Item song dancer is extremely objectified through the layered lyrics and seductive dance moves to placate men or groups of men, and even the projection of the camera is exceedingly sexualised. The question is, who are these women, where are they from, and where are they in society? Many academics have suggested that in real-time Bar dancers and prostitutes come from certain castes and have been forced to do sexual labour based on caste.
These interlocking power relations can be reflected in and challenged by cinema. It can act as a forum for discussing caste-based violence and discrimination, highlighting the experiences of Dalit women, and adding to a larger social conversation on caste and gender equality. But the issue is, to what extent does Indian cinema succeed in highlighting the way that caste and gender interact to generate various forms of dominance, or does cinema just reinforce these stereotypes and preconceptions?

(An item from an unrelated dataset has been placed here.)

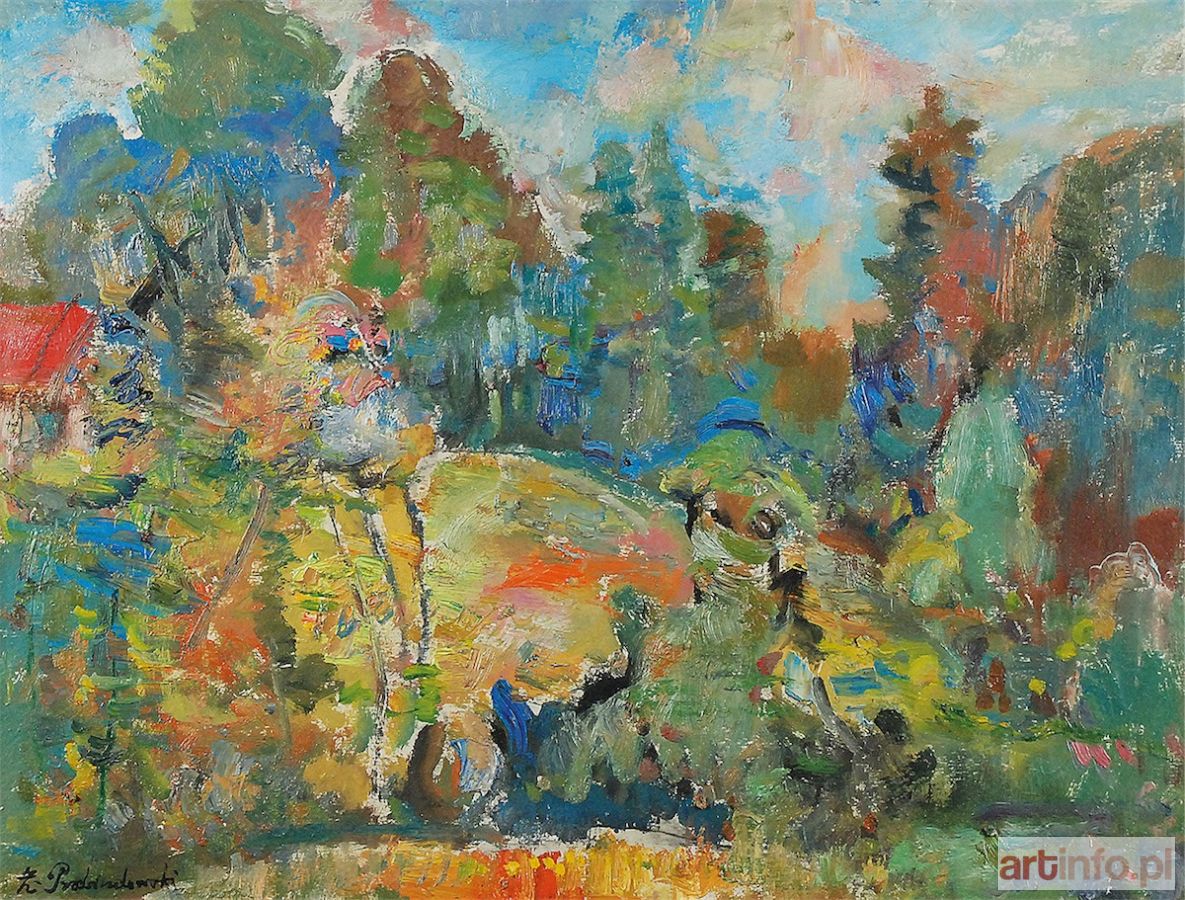 olej, tektura; 38 x 50 cm; sygn. l. d.: Z. Przebindowski na odwrocie dwie nalepki: z odręcznym, autorskim napisem - Zdzisław Przebindowski / " Pejzaż z Kalwarji" / olej 38 x 50; oraz drukowana z Cechu Rzemiosł Różnych w Kalwarii, Towarzystwo Przyjaciół w Kalwarii Z.[ebrzydowskiej] ,Miejski Ośrodek Kultury w Kalwarii, z tytułem: Pejzaż z Kalwarii i datą 1987.

Who are these bar dancers?
The societal background of these women, who act as bar and tamasha dancers in real life, was not well portrayed in Indian films. The circumstance that forced the reel bar dancer to enter this profession induced by her socioeconomic status is depicted in Indian cinema in a way that inherits the Brahminical patriarchy.

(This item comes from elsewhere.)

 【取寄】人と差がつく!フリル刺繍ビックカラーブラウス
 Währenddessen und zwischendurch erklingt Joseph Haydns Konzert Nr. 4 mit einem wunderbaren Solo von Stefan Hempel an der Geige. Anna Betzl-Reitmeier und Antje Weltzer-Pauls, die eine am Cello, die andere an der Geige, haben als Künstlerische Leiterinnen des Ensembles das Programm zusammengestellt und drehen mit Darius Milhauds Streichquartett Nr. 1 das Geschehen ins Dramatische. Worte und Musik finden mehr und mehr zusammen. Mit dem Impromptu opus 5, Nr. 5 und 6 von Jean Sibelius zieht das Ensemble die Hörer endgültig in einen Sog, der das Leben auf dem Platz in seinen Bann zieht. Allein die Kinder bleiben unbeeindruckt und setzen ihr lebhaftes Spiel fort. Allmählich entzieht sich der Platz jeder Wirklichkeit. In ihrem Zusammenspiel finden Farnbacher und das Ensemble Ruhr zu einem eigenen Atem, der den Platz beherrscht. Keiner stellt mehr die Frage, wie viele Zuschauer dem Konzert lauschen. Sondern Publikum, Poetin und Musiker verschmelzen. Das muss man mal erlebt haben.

Only the contingency’s plot will be significant to be aired if the star actress in the film plays the part. For instance, the role of bar dancer “Mohini Joshi,” played by Deepika Padukone in the film Happy New Year falls in love with a male lead actor named Charli, who asked her to be the dance teacher and ends up leading a happy ending. Raveena Tandon’s role as “Jaya, the Bar Dancer” in Ziddi and Karishma Kapoor’s bar dancer character in the film Khuddar both decided to become bar dancers to support their families and orphaned children, respectively.

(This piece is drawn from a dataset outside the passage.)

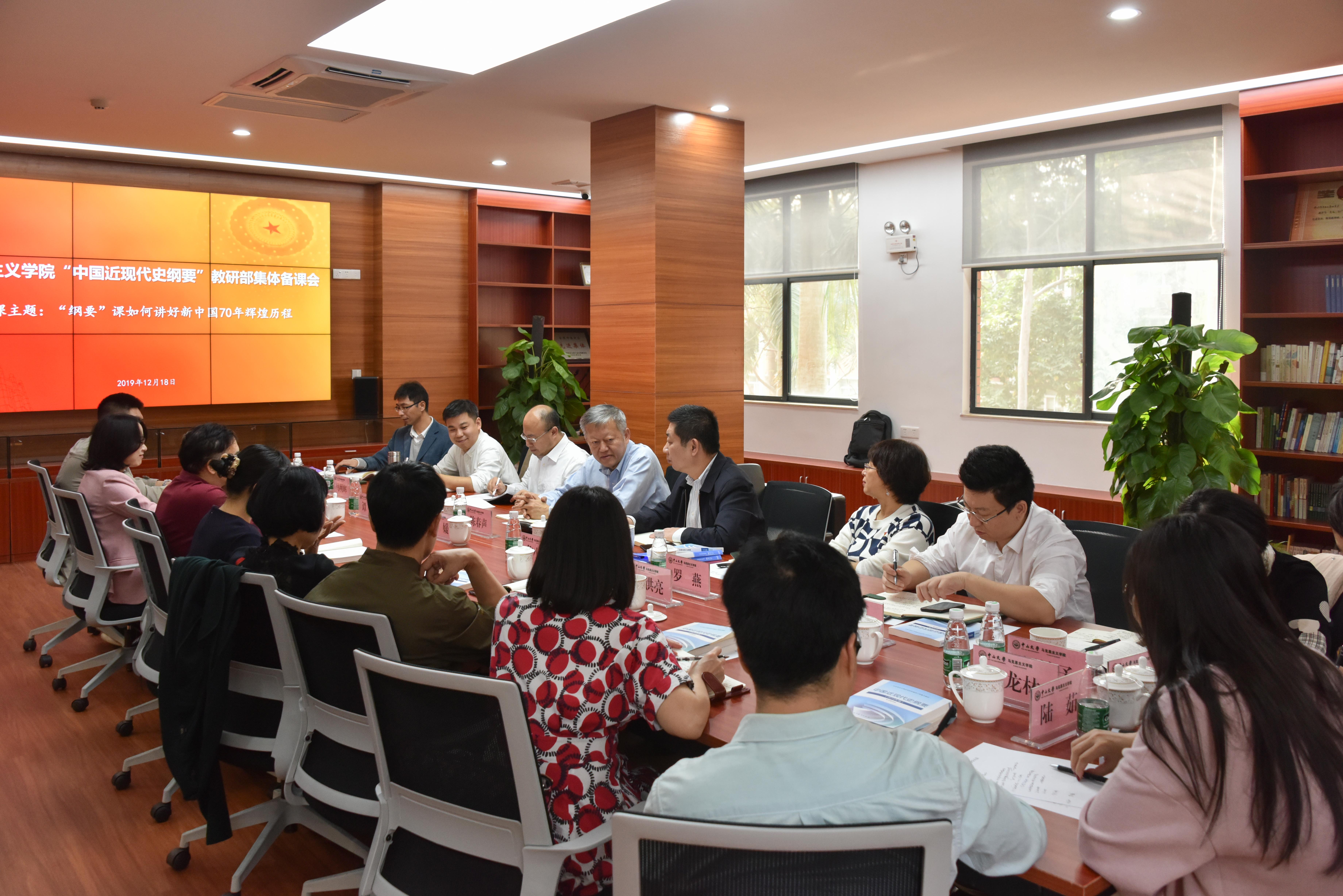 12月18日上午,校党委书记陈春声及相关职能部门负责人参加马克思主义学院“中国近现代史纲要”教研部集体备课会。备课会由“中国近现代史纲要”教研部主任柳媛副教授主持,谭毅、姜帆、庄泽晞、詹小美等思政课教师先后就《中国近现代史纲要》课如何讲好新中国70年辉煌历程进行了交流与讨论。

This demonstrates that these women are morally upright and uphold their obligations as good daughters and women who sacrifice their dignity for the well-being of others. However, once the hero has fixed all of her difficulties with his patronising behaviour, she is ready to become a decent wife.
Gender and class are shown in Indian films as the reasons for their miserable situation. While the dancers who don’t play the lead actress aren’t necessary for their backstory to be shown, they are frequently portrayed as vamps and gold-diggers.
Caste and the bar dancers
Indian film has a long history of presenting caste identities, prejudices, and stories that represent the dominant socioeconomic structure. This includes portrayals of people from higher castes as heroes or heroines, whilst characters from lowered castes are frequently put in clichéd or marginalised positions. The way that caste influences a bar dancer’s status is completely overlooked in this image of bar dancers which is caste oblivious.
Meena Gopal demonstrates the problematic relationship between caste, sexuality, and labour in her paper “Caste, Sexuality, and Labor.” According to her, women who participate in Tamasha, bar dancing, prostitution, and nautanki for men’s amusement are members of particular caste communities like the Kohlati and Bedia communities. Women from the marginalised castes of the Bedia, Kohlati, Nat, and Dedar from north India were employed as bar dancers, tamasha, and nautanki and Lavani performers for the family livelihood.
As Paik argues that ‘Tamasha‘ is practised predominantly by Dalits for a long time and The Dalit Tamasha women played a central role in these performances, representing both the desire and disgust of a patriarchal society. According to upper castes’ norms and values, Dalit women were already in the public gaze and did not need to concern themselves with issues of dignity and honour.
Paradoxically, while their “femininity” made them sexually vulnerable to racist and casteist domination, their Blackness and Dailtness effectively denied them any protection (Paik, 2014.) The women of the higher caste, in contrast, usually appeared dignified and respected and were instructed to keep their sexuality tidy and confined to the home. For respectable women, being at home is a symbol of dignity, but Dalit women are viewed as being sexually accessible since they left the home to go to work, which goes against who they are supposed to be as deviant women (Chakravarty, 1993.)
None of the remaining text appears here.